The story finds Reece trying to leave violence behind, but peace never lasts long in his world. A rogue Chinese submarine is moving into position near the United States, a powerful tech figure is tied to dangerous advances in AI, and a compromised political figure is edging dangerously close to the highest office in the land. At the centre of it all is Alice, the quantum intelligence readers have come to know, who may be America’s greatest defence—or its most dangerous weapon.
What impressed me most was how current the novel feels. Carr has always had a knack for blending fiction with threats that feel uncomfortably close to reality, and Red Sky Mourning may be one of his most timely stories yet.
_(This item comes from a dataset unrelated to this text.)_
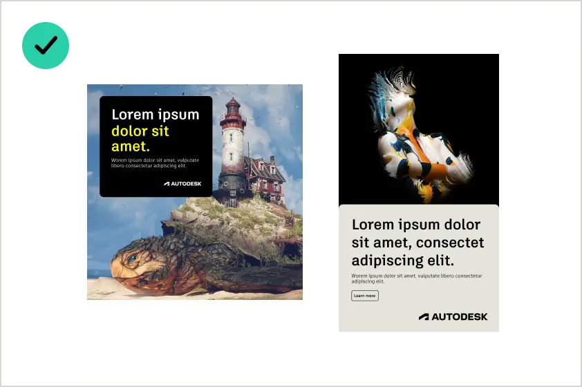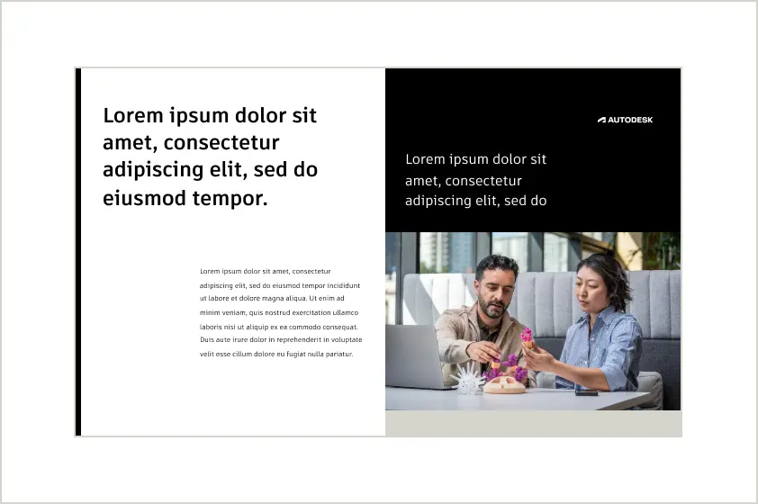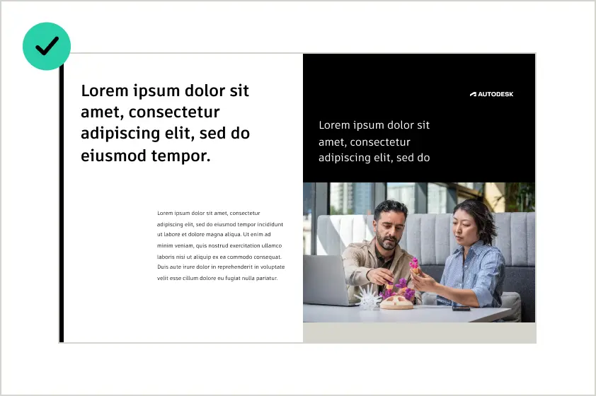 Hello Yellow and tertiary colors should make up no more than 15% of the layout, ensuring Autodesk Black, Autodesk White, and imagery remain the primary visual elements (see Color proportions and usage). Images and color blocks should work together to maintain hierarchy and avoid visual clutter, creating a balanced and cohesive design.

The AI angle could easily have felt gimmicky, but Carr treats it seriously, using Alice not just as a plot device but as a genuine force within the story.
James Reece remains the heart of the series. What I enjoyed here was seeing how much he has changed since The Terminal List. He is still the same lethal operator when the moment calls for it, but there is a weariness to him now. Reece feels like a man who has carried too much for too long, yet when the fuse is lit, that old warrior instinct comes roaring back.
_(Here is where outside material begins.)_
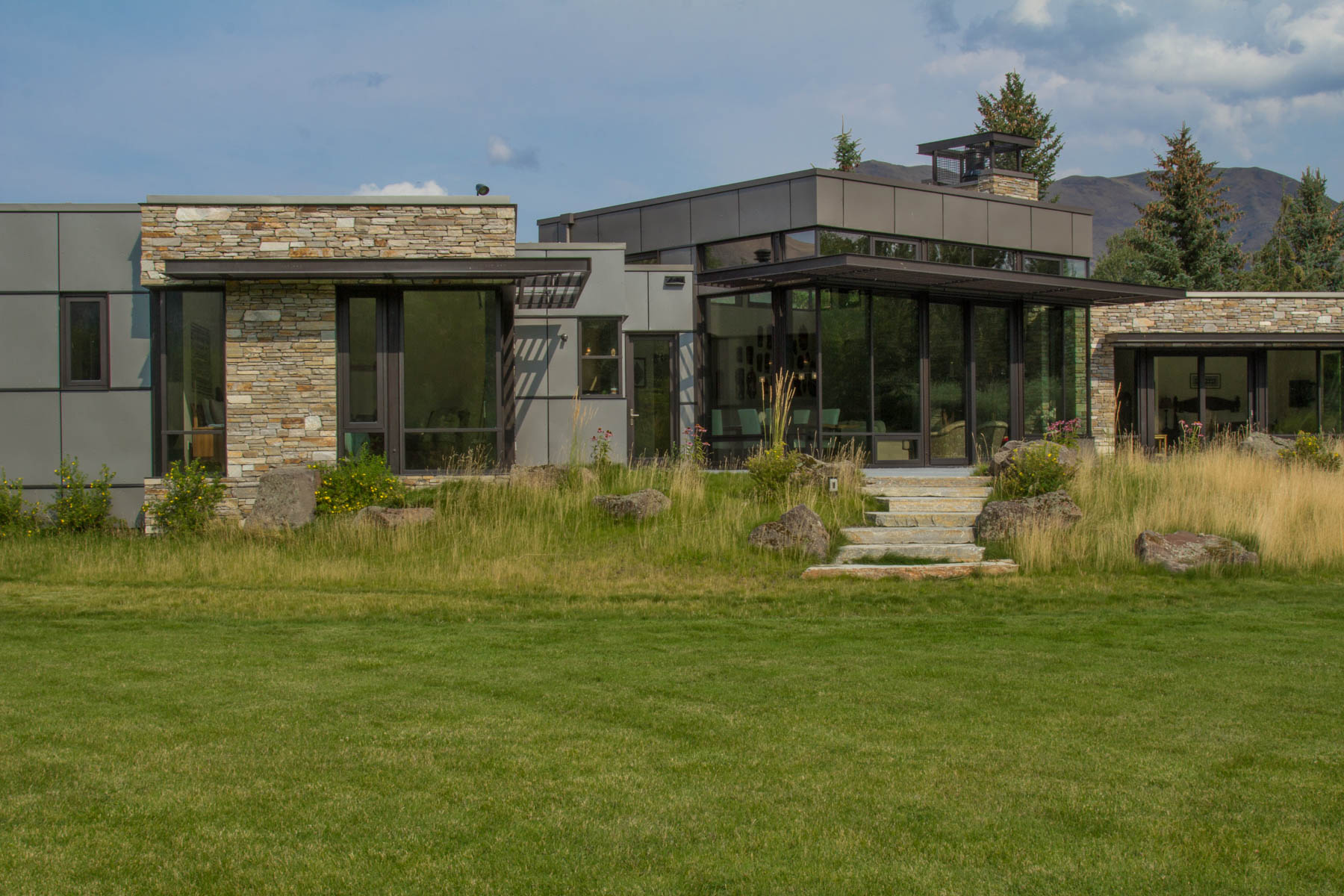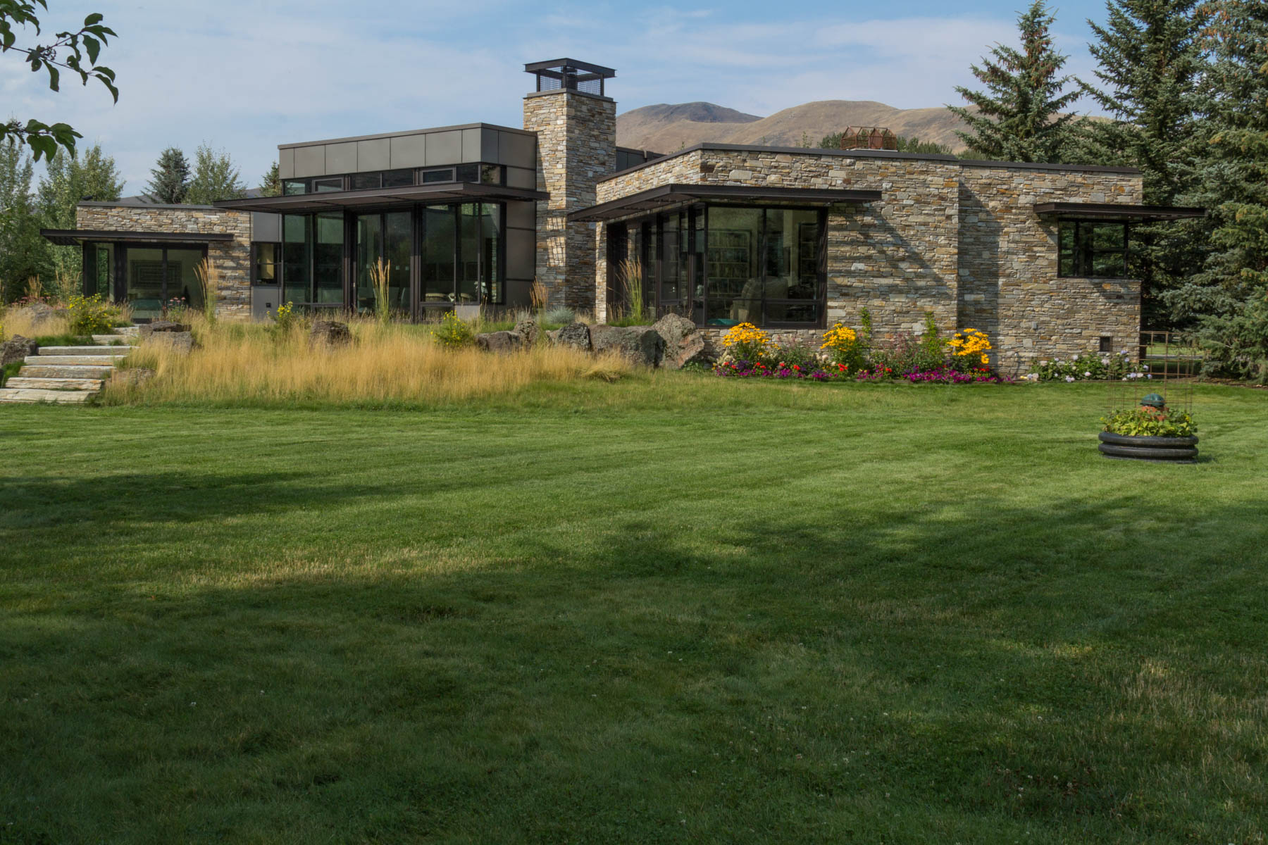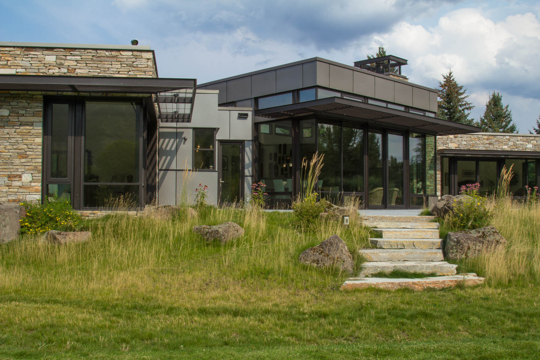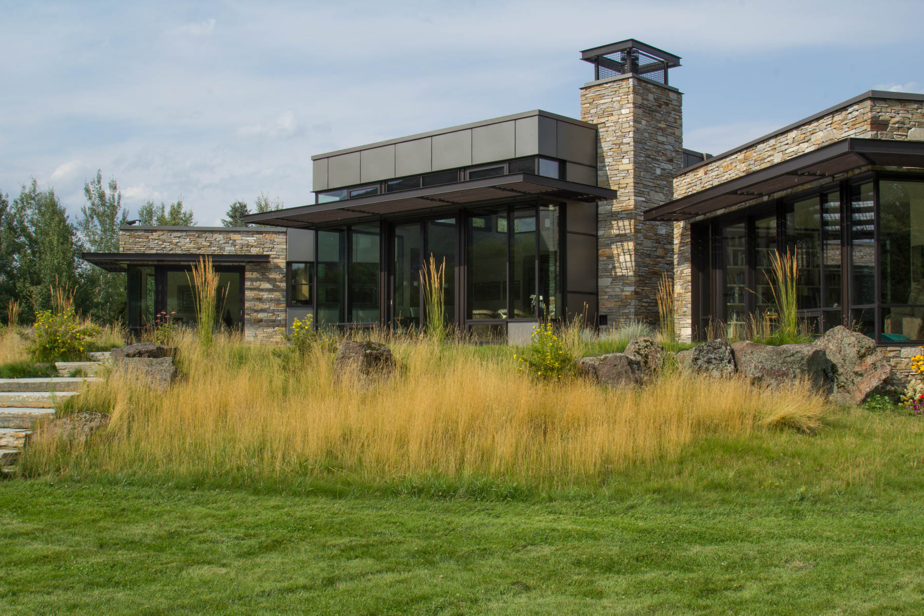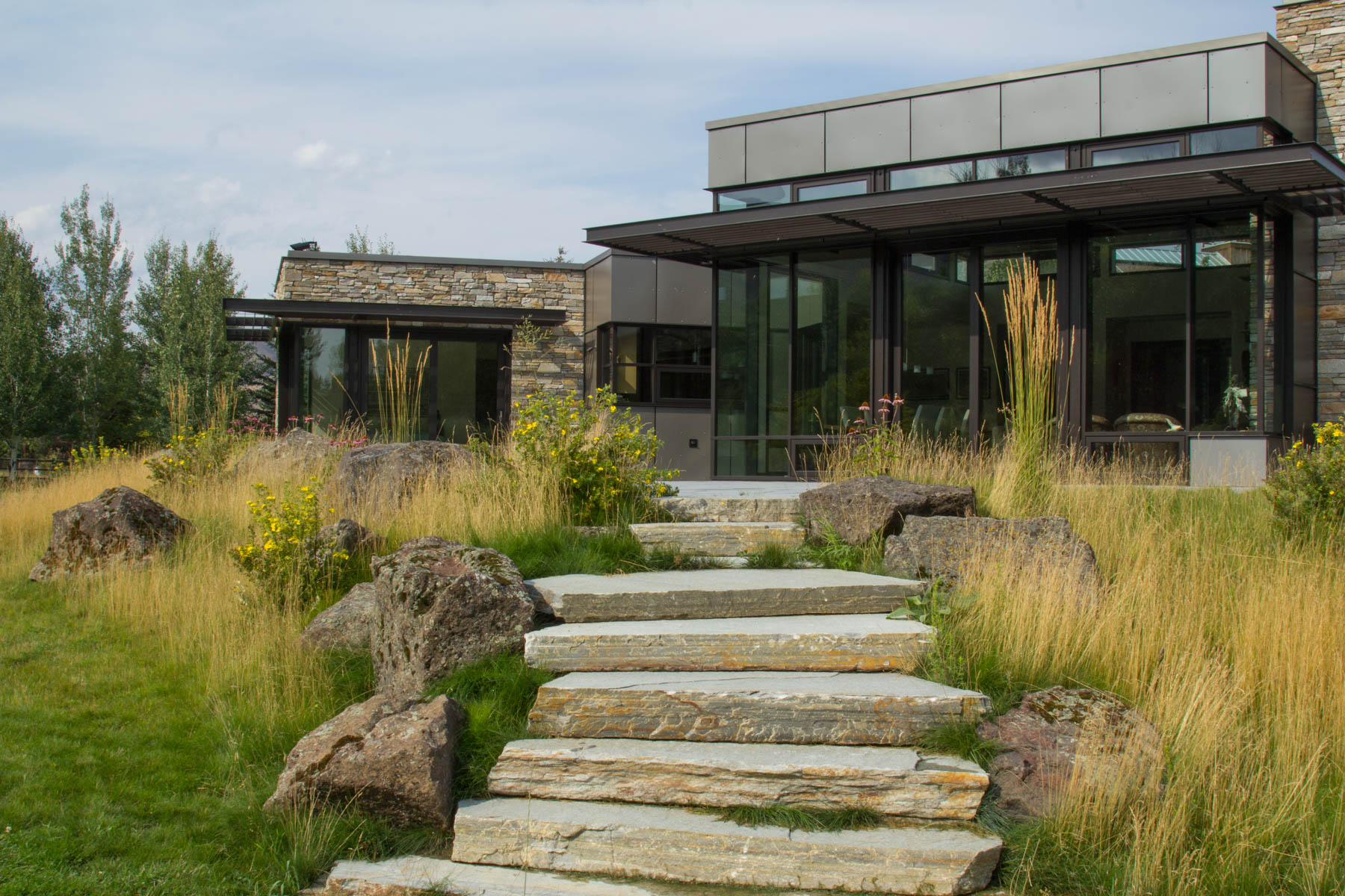 A green roof and plank pavers sets this landscape apart. The house overlooks a pond and the landscape was called upon to be visually seamless from the extensive glass in the back of the house. Boulders were chosen by hand and brought in from the nearby Snake River canyon to help facilitate the grade change of the back patio. Oakley Stone slabs, another locally sourced material, form steps that flow through down the slope.

The action is exactly what Carr fans will want. It’s tactical, intense and written with the kind of detail that makes every movement feel deliberate. Whether Reece is planning, reacting or fighting his way through impossible odds, Carr makes you feel the pressure of each decision. The violence is brutal when it needs to be, but it always serves the story.
I also liked how Red Sky Mourning expands the battlefield. This isn’t just about bullets and blades anymore. The war is being fought through technology, politics, intelligence networks and hidden influence. That gives the novel a bigger, more modern edge while still keeping Reece grounded as the man forced to walk into the fire.
Alice is one of the most interesting elements of the book. Her connection to Reece adds a strange but compelling emotional layer to the story. She is powerful, unpredictable and frighteningly capable, but Carr makes her feel like more than a machine. The question of whether she can be trusted gives the book an added tension that runs alongside the physical threat.
What makes Red Sky Mourning work is that it doesn’t abandon what made the series great. Beneath the technology, global conspiracy and nuclear threat, this is still a James Reece story. It’s about duty, loyalty, sacrifice and the question of whether a man can ever truly step away from the life that shaped him.
For me, this is another strong entry in the series. It feels bigger, bolder and more forward-looking, while still delivering the raw intensity that Jack Carr does so well. Red Sky Mourning proves there is still plenty of life left in James Reece, and if this is the direction Carr is taking the series, I’m absolutely on board.